Before leaving Saudi Arabia last week for a long holiday in Morocco, King Salman issued a decree officially putting his young son, Crown Prince Mohammed bin Salman, in charge during his absence.
Under the Saudi system, that was a routine step because crown princes have often become, in effect, acting kings during royal absences. But in the case of Prince Mohammed, known as MbS, it took on new significance because he had already taken control of most of the government anyway and has clearly put himself in position to succeed his 81-year-old father sooner rather than later. His rapid and relentless reach for power has paid off.
King Salman is officially the prime minister, and the crown prince is his deputy. Because of Salman’s age and questionable health, the energetic, ambitious MbS was the de facto name at the top of the government’s organization charts. He is minister of defense and chairman of the interagency committee that runs the country’s economic affairs, including oil policy.
A few days before he took off for Morocco, King Salman issued a package of decrees that transferred the police and other domestic security forces from the ministry of interior to a new agency that will report to the prime minister – that is, in effect, to MbS.
“A new authority to be called ‘the Presidency of State Security’ will be established, to deal with whatever concerns the Security of the State, with its head to be reporting to the Prime Minister,” one of the decrees said. “The following departments, currently part of the Ministry of Interior, will be annexed to the new Presidency of State Security: Investigations, special security forces, special emergency forces, security aviation, technical affairs, national information center, and other departments in charge of combating terrorism, its finance and financial investigation. Whatever concerns security of the State, including civil and military personnel, budgets, documents, and information will also be transferred to the new authority.”

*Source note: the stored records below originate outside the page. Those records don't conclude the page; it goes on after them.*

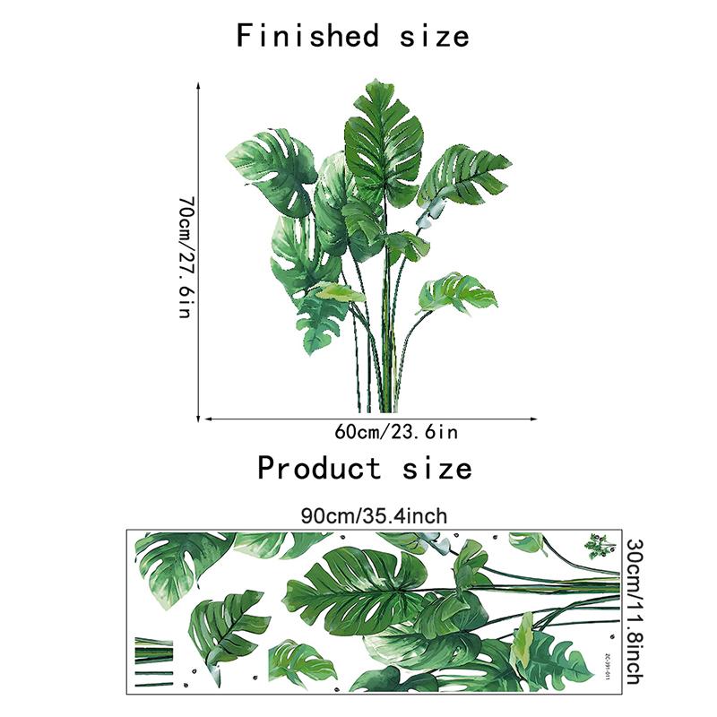 Большие наклейки на стену с изображением листьев тропических зеленых растений для домашнего декора в виде пальмы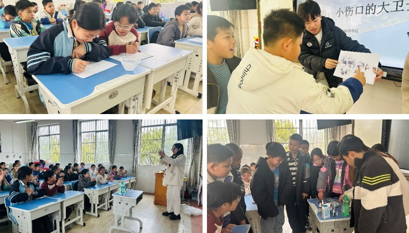 圖1.黎永秀老師進行活動介紹 在本次活動中,隊員們和五年級(1)班的同學們一起完成“VC”(維生素C)密信實驗。團隊成員給小朋友們講解了“VC”密信的原理,邀請小朋友們通過互通密信游戲環(huán)節(jié)親自動手制作VC密信,并講解了碘伏消毒的原理。 在探索“神奇的表面活性劑”的過程中,成員們設計了三個有趣的實驗---紙片魚的比賽、漂亮的牛奶畫和去污實驗,讓小朋友們能夠更加清楚的了解表面活性劑在生活中的作用。同時,帶領同學們學習七步洗手法,教會他們如何更加有效預防病毒感染。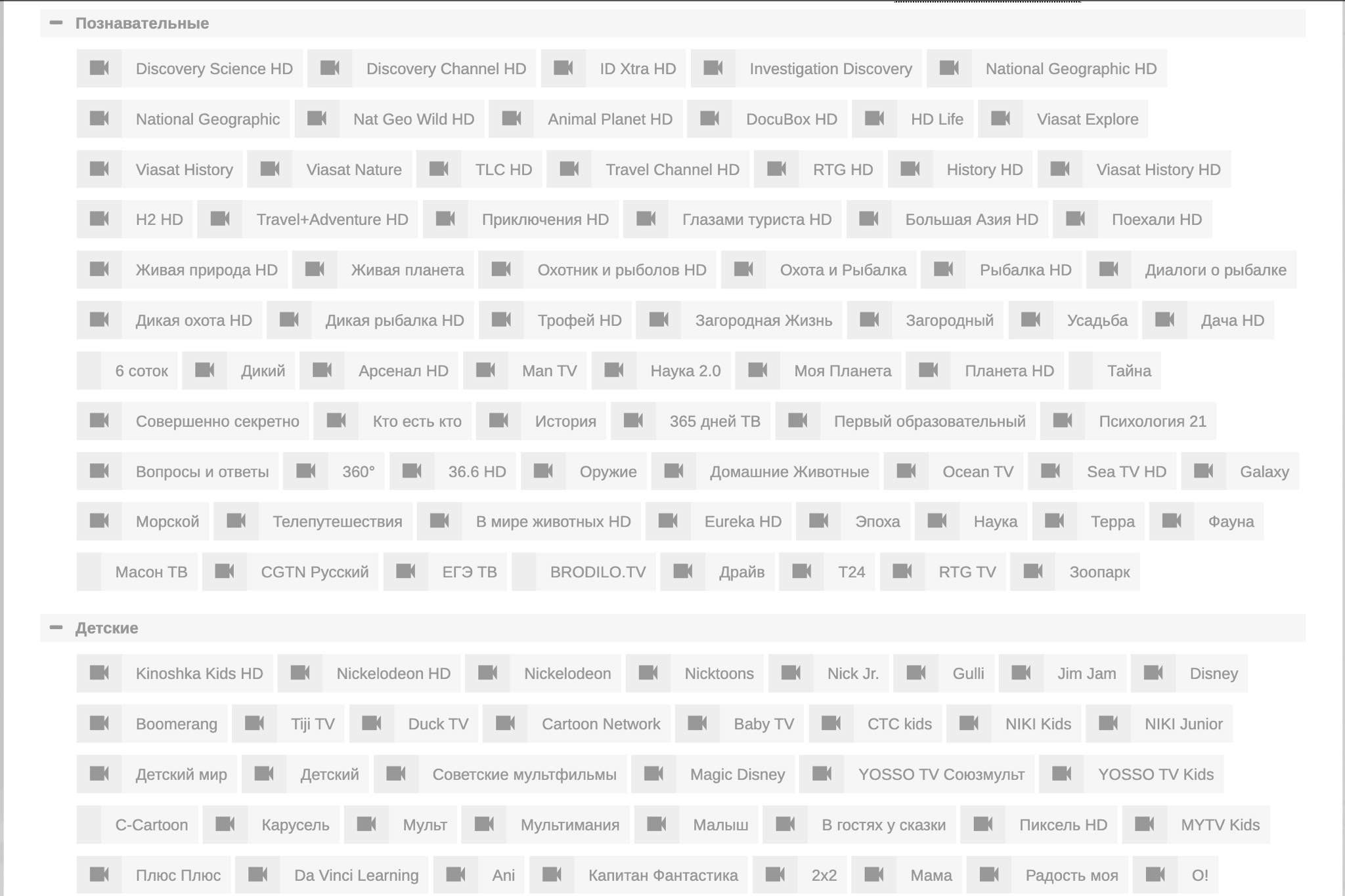Вы сможете смотреть в хорошем качестве множество телеканалов, список телеканалов прилагаю на фото ниже. Все каналы отсортированы по категориям и большинство каналов имеют телегид и возможность смотреть в записи за прошедшие 3 дня.
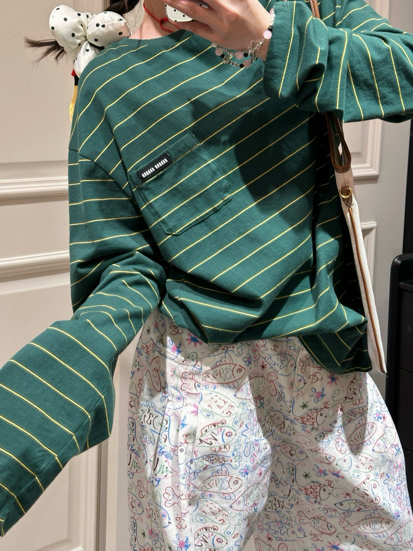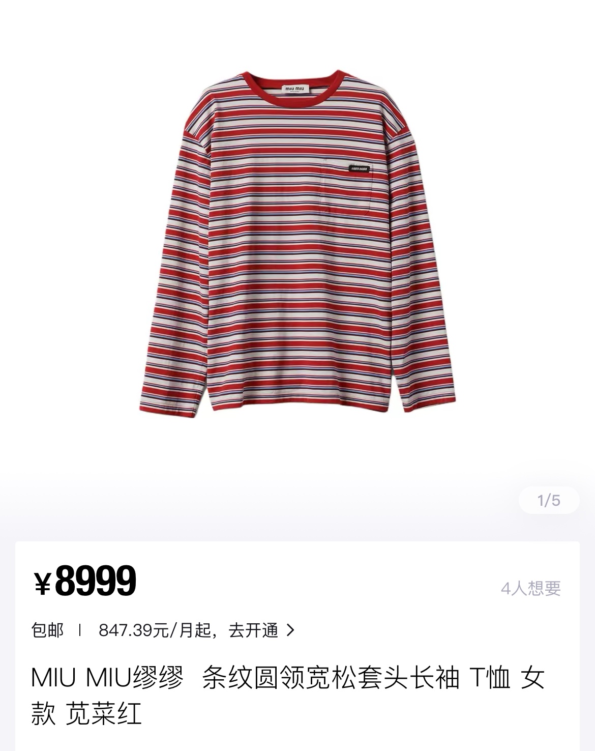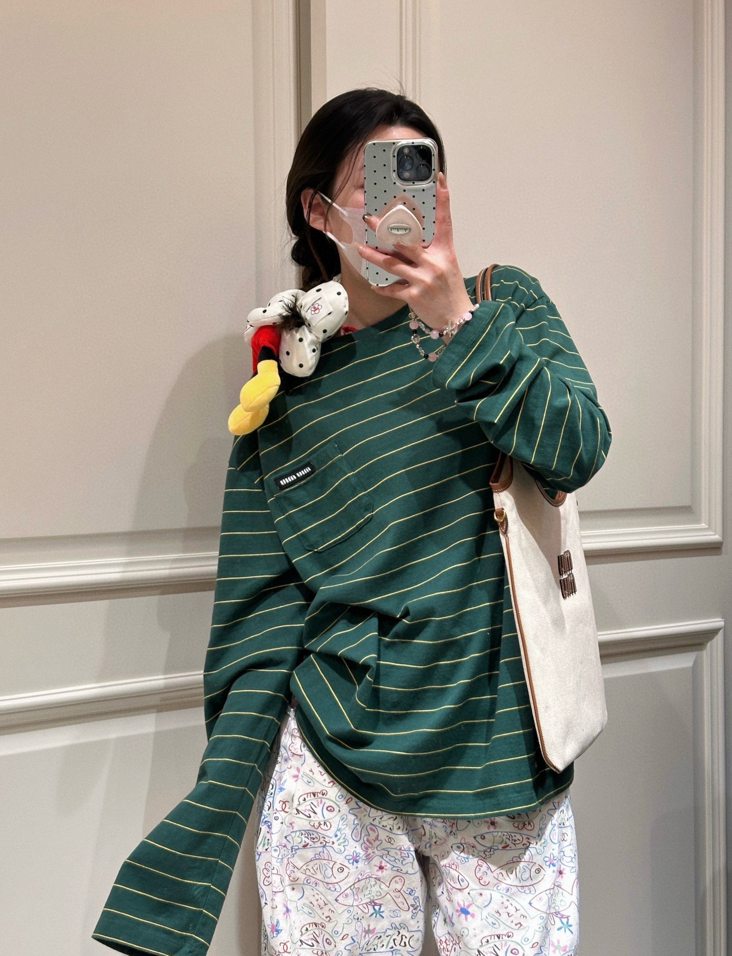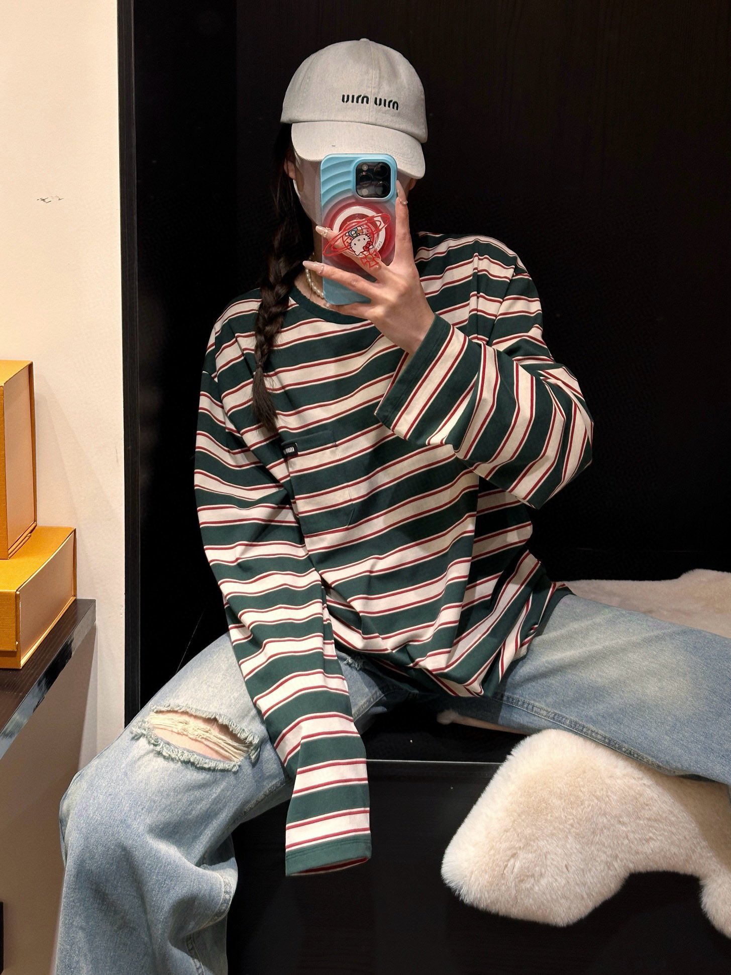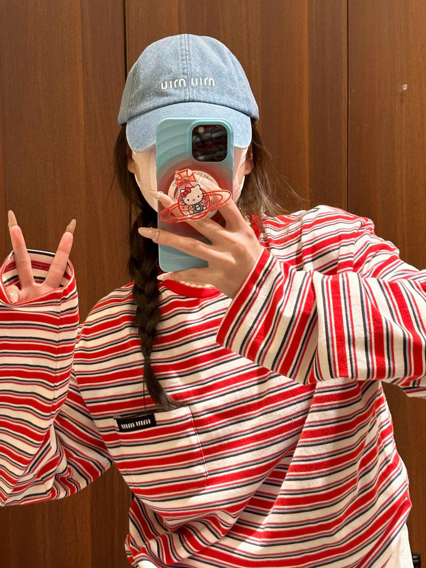 1️⃣𝐦𝐢𝐮𝟐𝟓𝐬𝐬最新款情侣条纹长𝐭𝐞𝐞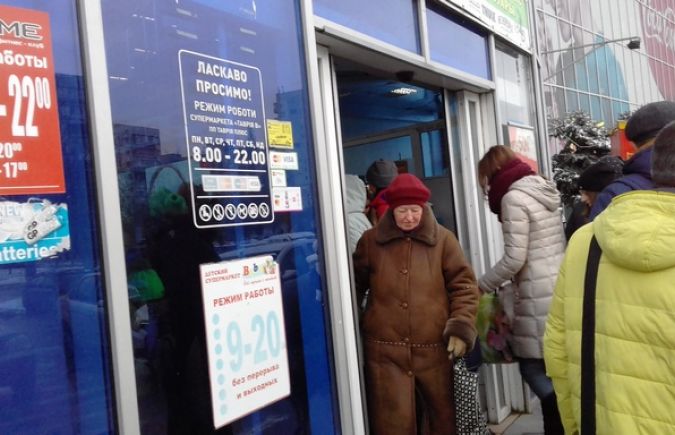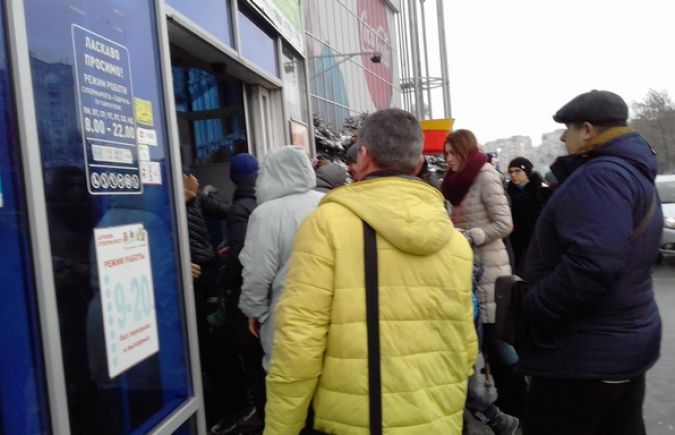 Ни войти, ни выйти - уже несколько раз на протяжении прошедшей недели стеклянная дверь популярного среди жителей мкрн. Таврический торгового центра отказывалась им служить. Под ледяным вором спокойного как статуя охранника, как будто не замечающего беспоряка, люди тщетно пытались дверь приоткрыть. За несколько минут борьбы успевала скопиться очередь и снаружи, и внутри.И как только открыть удалось - люди ринулись наружу.

Until June, the Interior Ministry was the domain of Prince Mohammed bin Nayef (MbN), who was also crown prince and probably the second most powerful man in the kingdom after the King himself. Then, as some Saudi-watchers had been predicting since MbS’s meteoric rise began two years ago, King Salman removed MbN as crown prince and booted him from all his government positions, leaving the palace doors open for MbS.
In the short term, this upheaval is likely to have little impact on the daily lives of most Saudis. The kingdom is ensnared in multiple domestic and international crises that command more urgent attention: the war in Yemen, the boycott of neighboring Qatar, and the continuing low price for oil, which has forced Saudi Arabia to borrow money on the international and domestic bond markets.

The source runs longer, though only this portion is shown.